### [Task requirements]
Reproduce word for word the lines between those holding "3470-03 PIVONKA - ORANGE" and "#2410 (Tile) Accademia Stone", inclusive, and nothing else from the data below.

### [Provided data]
+ + + +

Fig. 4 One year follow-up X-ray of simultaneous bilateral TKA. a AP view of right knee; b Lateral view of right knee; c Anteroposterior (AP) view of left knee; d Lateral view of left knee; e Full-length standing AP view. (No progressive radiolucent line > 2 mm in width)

+ + + +

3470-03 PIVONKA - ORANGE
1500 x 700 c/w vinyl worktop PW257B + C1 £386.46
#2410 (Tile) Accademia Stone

+ + + +

### [Response area]
3470-03 PIVONKA - ORANGE
1500 x 700 c/w vinyl worktop PW257B + C1 £386.46
#2410 (Tile) Accademia Stone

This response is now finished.